Assignment:
The data below is to be written out exactly, with no pictures.

── Material supplied ──

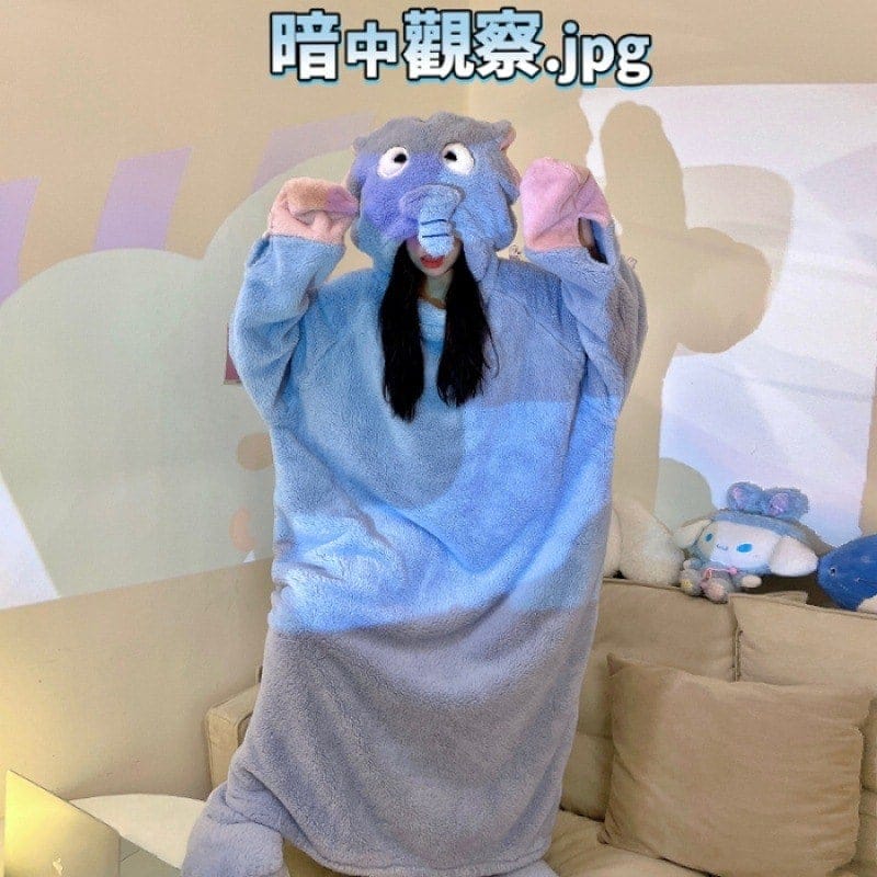 本パジャマレディース着ぐるみパジャマキャラクター可愛い珊瑚絨毯パジャマ連体女パーティーで象帽子をかぶって寝るセットアップ
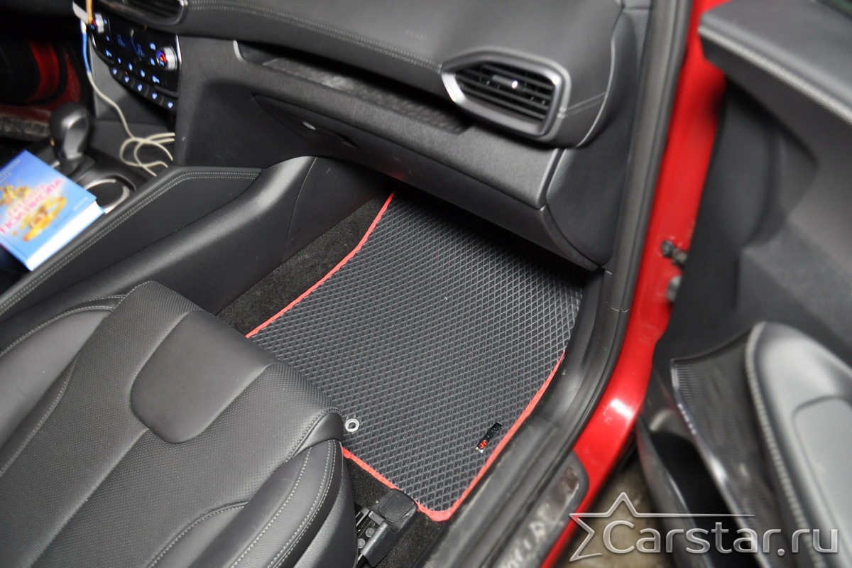 Текстильные автомобильные коврики Hyundai Santa Fe IV 3 ряда (2018-2020) – это классический аксессуар, который обеспечит салону автомобиля неизменную чистоту, порядок и уют. Компания Carstar предлагает изделия из качественного ковролина в сочетании с полипропиленовым основанием на шипах, такая комбинация делает их прочными и водонепроницаемыми.
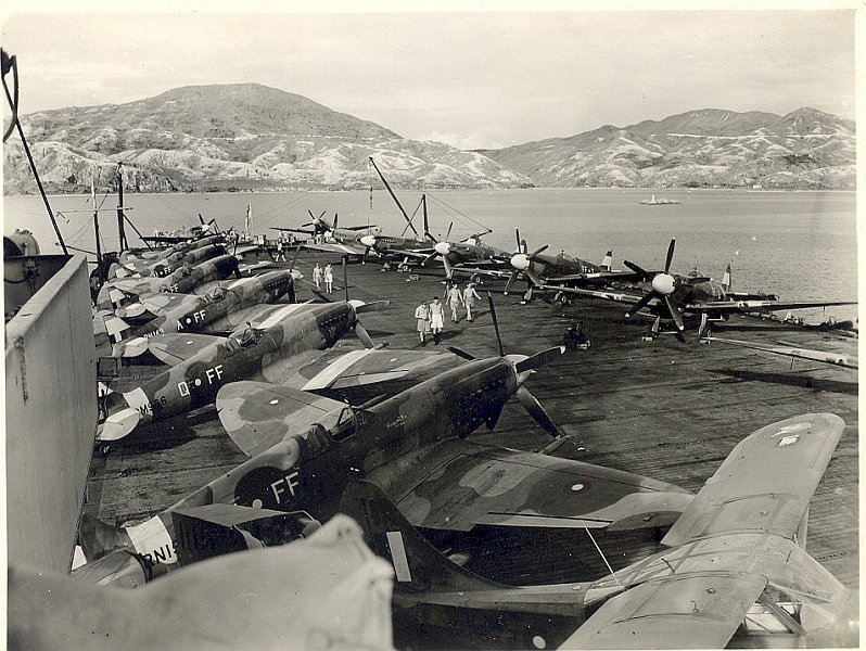 ![]() 135K 514K NS-03-cve52-o11 1945: Supermarine Spitfires of No. 132 Squadron were ferried aboard HMS Smiter - Hong Kong - Japan surrender |
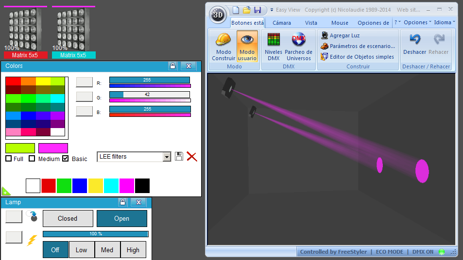 Estas Librerías SSL2 están optimizadas para trabajar con Magic 3d Easy View. Es decir para ver una representación 3D de las secuencias que estemos realizando con Freestyler, QLC+ o cualquier otro soft que se conecte con Magic 3d.
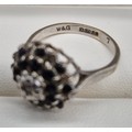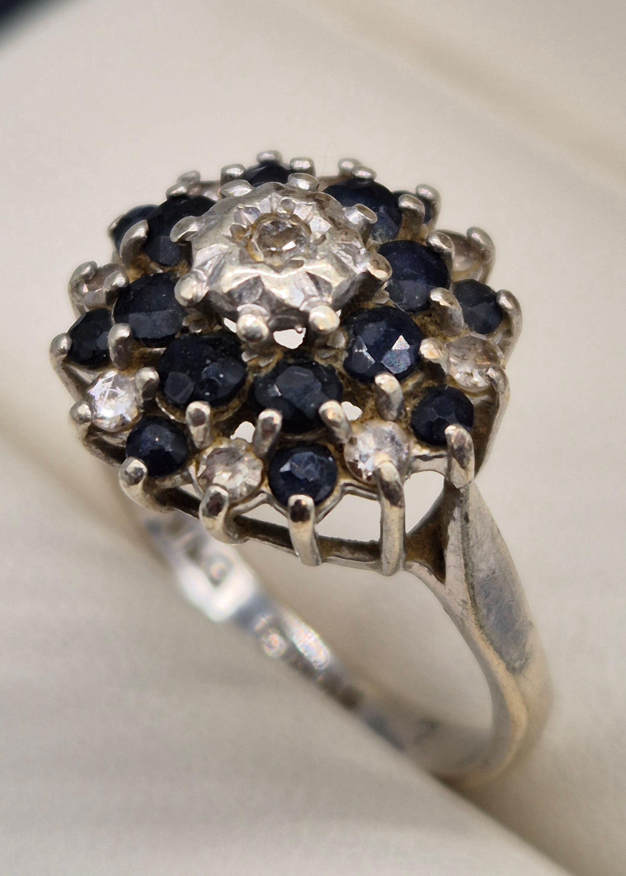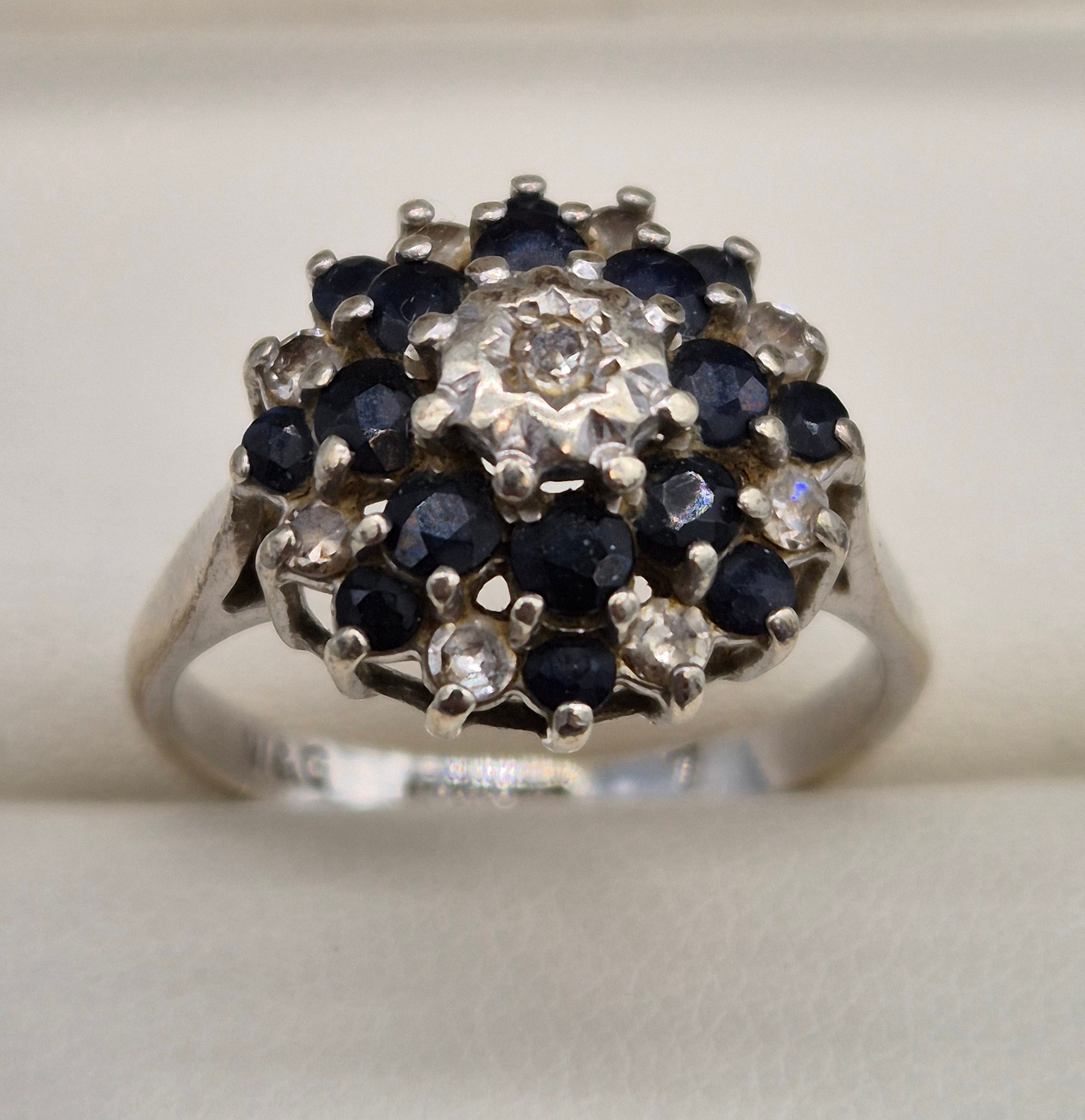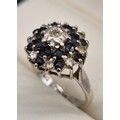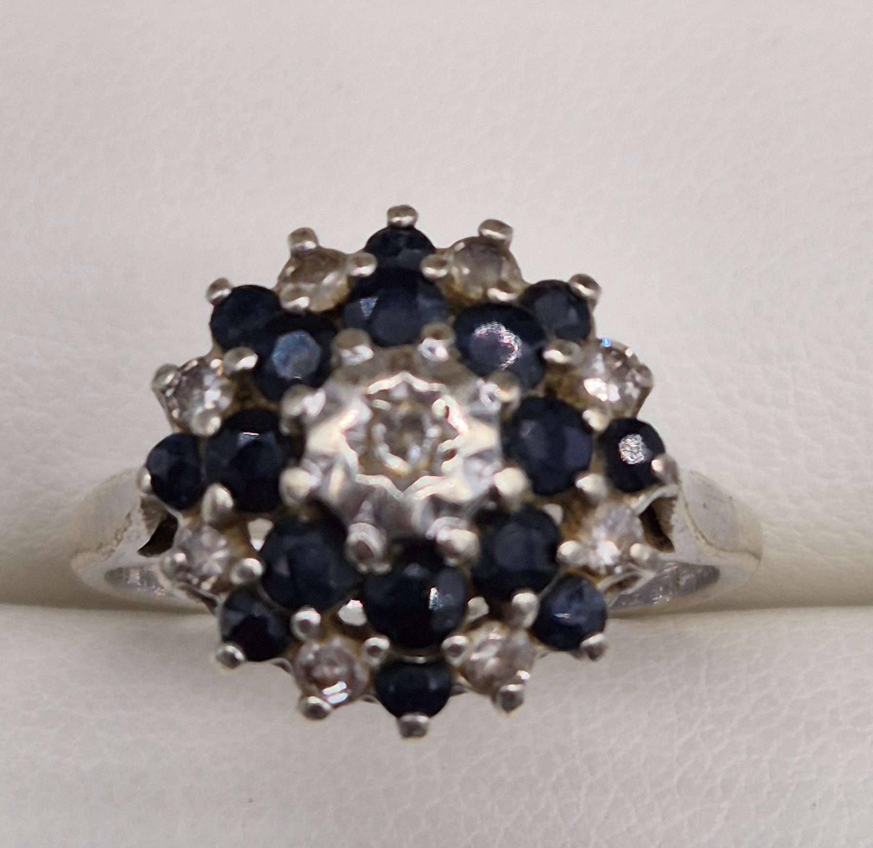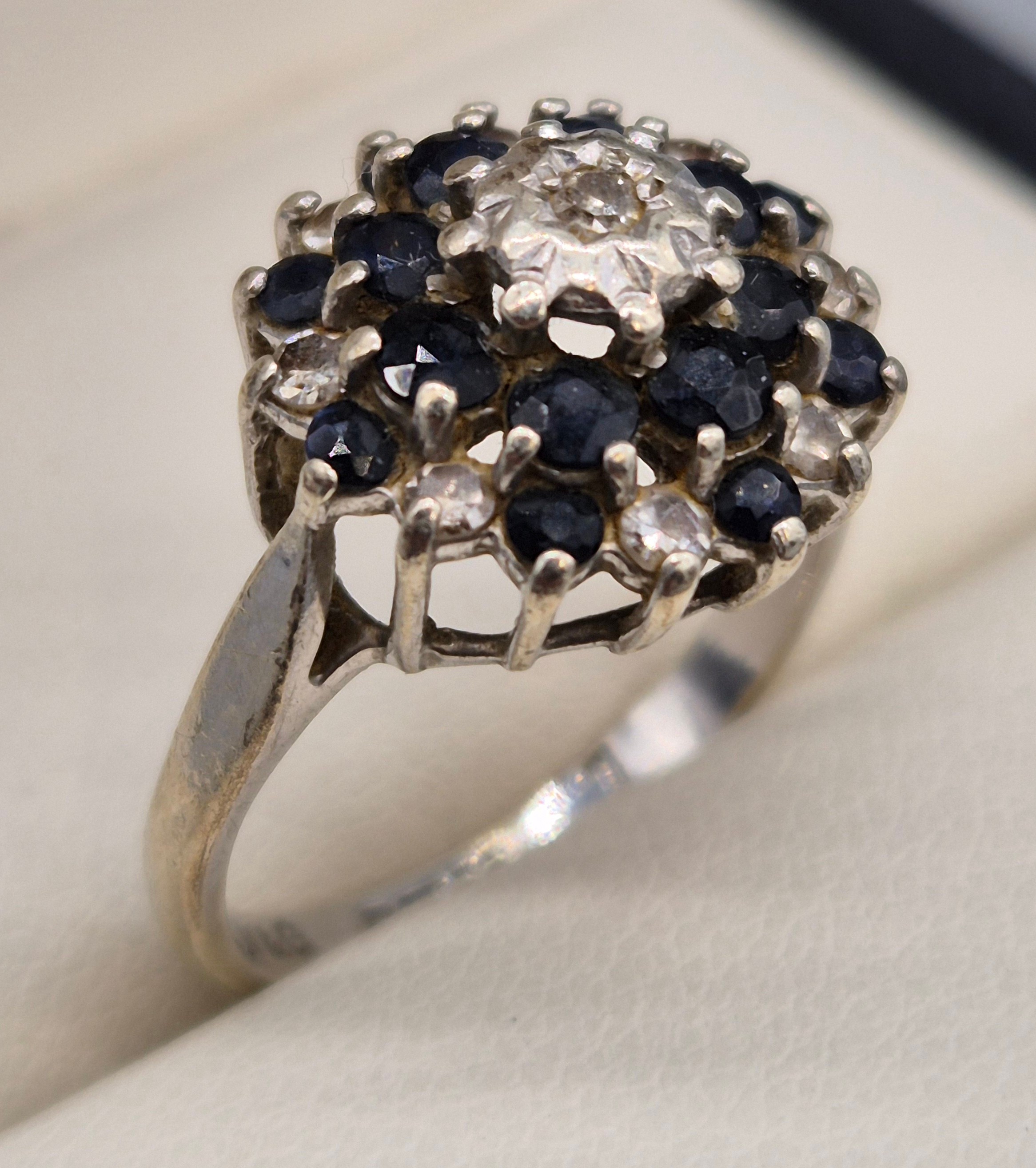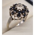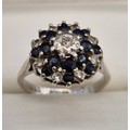 9ct white gold, sapphire and diamond cluster ring. 3.91Grams. Ring size O.

───

Exercise response:
 本パジャマレディース着ぐるみパジャマキャラクター可愛い珊瑚絨毯パジャマ連体女パーティーで象帽子をかぶって寝るセットアップ
 Текстильные автомобильные коврики Hyundai Santa Fe IV 3 ряда (2018-2020) – это классический аксессуар, который обеспечит салону автомобиля неизменную чистоту, порядок и уют. Компания Carstar предлагает изделия из качественного ковролина в сочетании с полипропиленовым основанием на шипах, такая комбинация делает их прочными и водонепроницаемыми.
 ![]() 135K 514K NS-03-cve52-o11 1945: Supermarine Spitfires of No. 132 Squadron were ferried aboard HMS Smiter - Hong Kong - Japan surrender |
 Estas Librerías SSL2 están optimizadas para trabajar con Magic 3d Easy View. Es decir para ver una representación 3D de las secuencias que estemos realizando con Freestyler, QLC+ o cualquier otro soft que se conecte con Magic 3d.
 9ct white gold, sapphire and diamond cluster ring. 3.91Grams. Ring size O.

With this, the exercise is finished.